Matt Morris: Robbe-Grillet is
rarely discussed on this forum, despite VN's obvious enjoyment of his
novels. Given that THE ORIGINAL OF LAURA is supposed to be a radical
departure from Nabokov's work, and given VN's interest in R-G's
boundary-expanding/breaking writing, especially late in his career, I was
curious if TOOL follows somewhat in this high-modernist path
[...] TOOL sounds to me more like something that exists in a
Robbe-Grillet abstraction (at least from the bits of details that have emerged.)

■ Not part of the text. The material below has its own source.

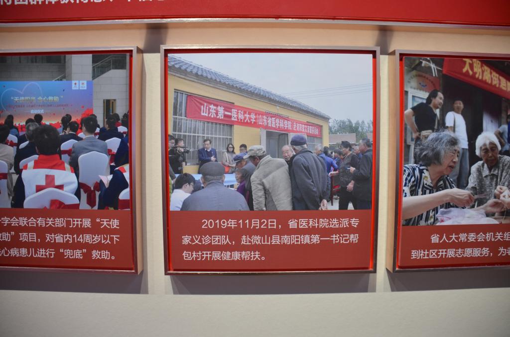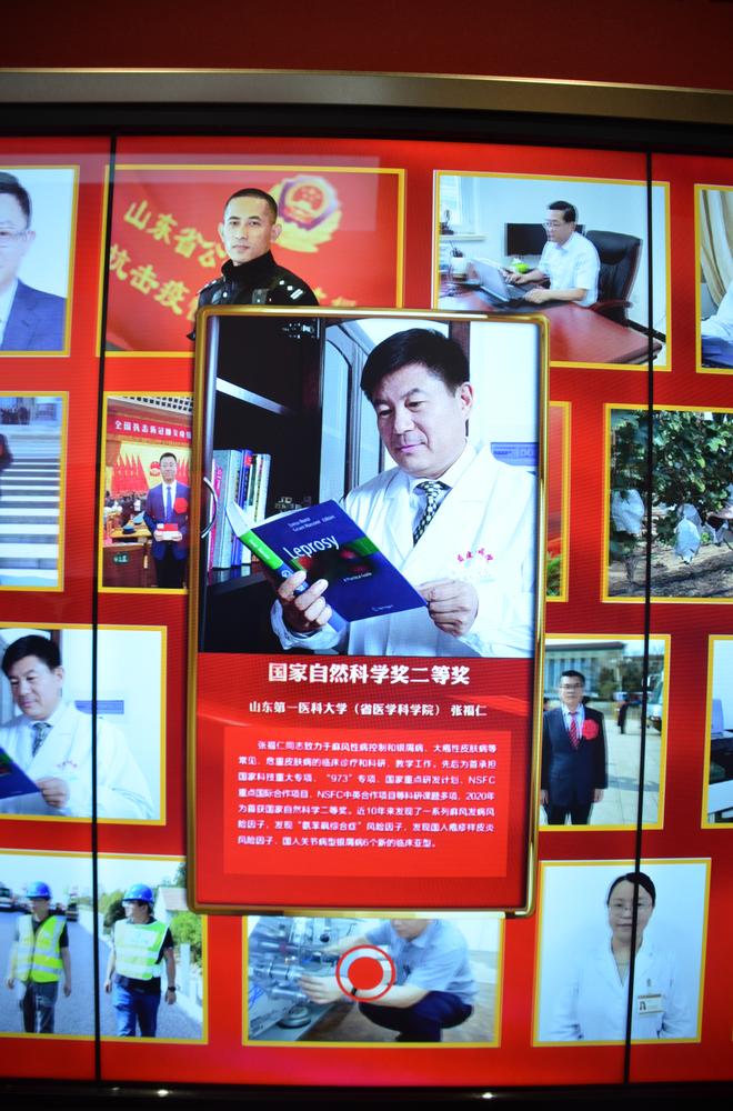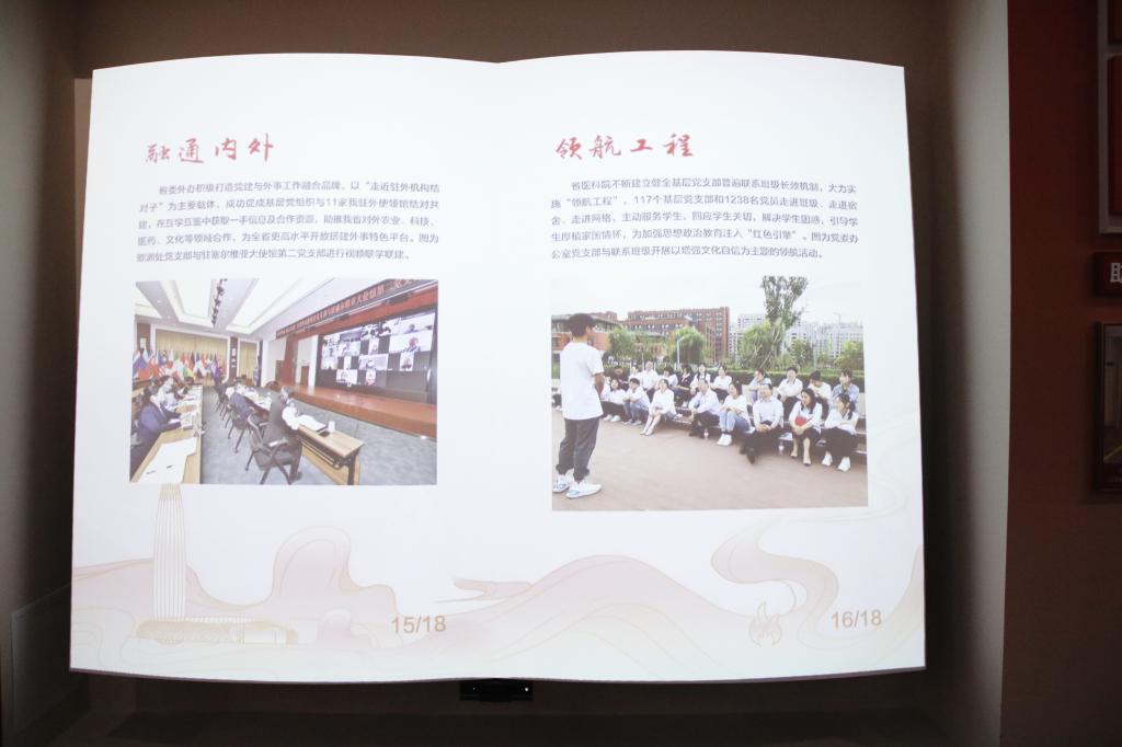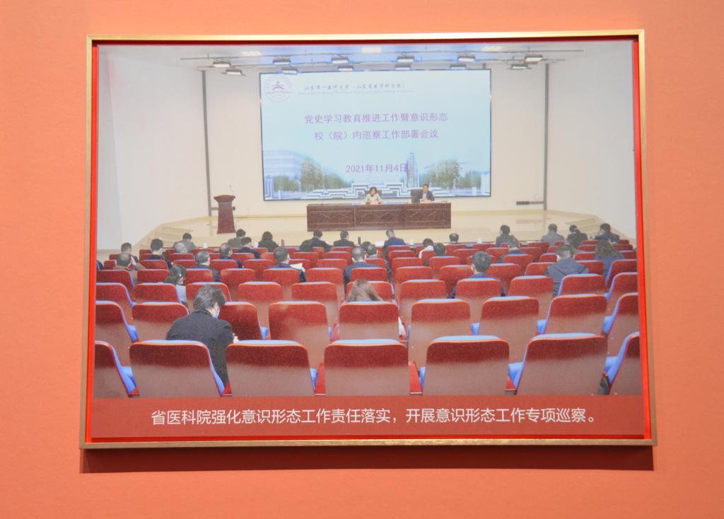 校(院)多项党建成果亮相展览:基层党支部联系学生班级“领航工程”入选为党建与业务工作深度融合典型案例;校(院)党建成果专题片《党建引领 科教融合 助推健康山东建设》、意识形态工作专项巡察、第一书记帮包村健康义诊活动,以及齐鲁时代楷模白晓卉,校(院)国家级科技奖励获得者、全国先进工作者、全国抗击新冠肺炎疫情先进个人、全国最美家庭等先进榜样事迹展陈,令人深受教育,吸引大家驻足观看。

[...] VN's descriptions of Gogol's everyday writings
always reminds me of Robbe-Grillet.
JM: I wish I could read R-G with the same
enjoyment I find in VN or were able enjoy his other
favorites: Updike, for example. Or dislike his dislikes ( Thomas Mann,
Dostoevsky...)
My amateurish
standpoint is rather comfortable because it demands from me no
particular discipline as what is recquired from a scholar.
From this
touristic perspective I see Nabokov as one who was able to deal with what
has been quickly evolving into "hypertexts" without letting go of
the "text", or who was able to break away from the freudian
unconscious ( its "metaphor-metonimy" structures) while still
adhering to an internal ordering process. There is never a chaos
from excessive "difference" or from emissions that
follow a Barthesian "plaisir du texte." Our tickets are never one-way
only.
I wonder if Matt
Morris could expand his suggestion about what he finds in VN ( with his bet in a
transcendent otherworld) and the high-modernist path and bring us some
examples of Robbe-Grillet that he considers more illustrative?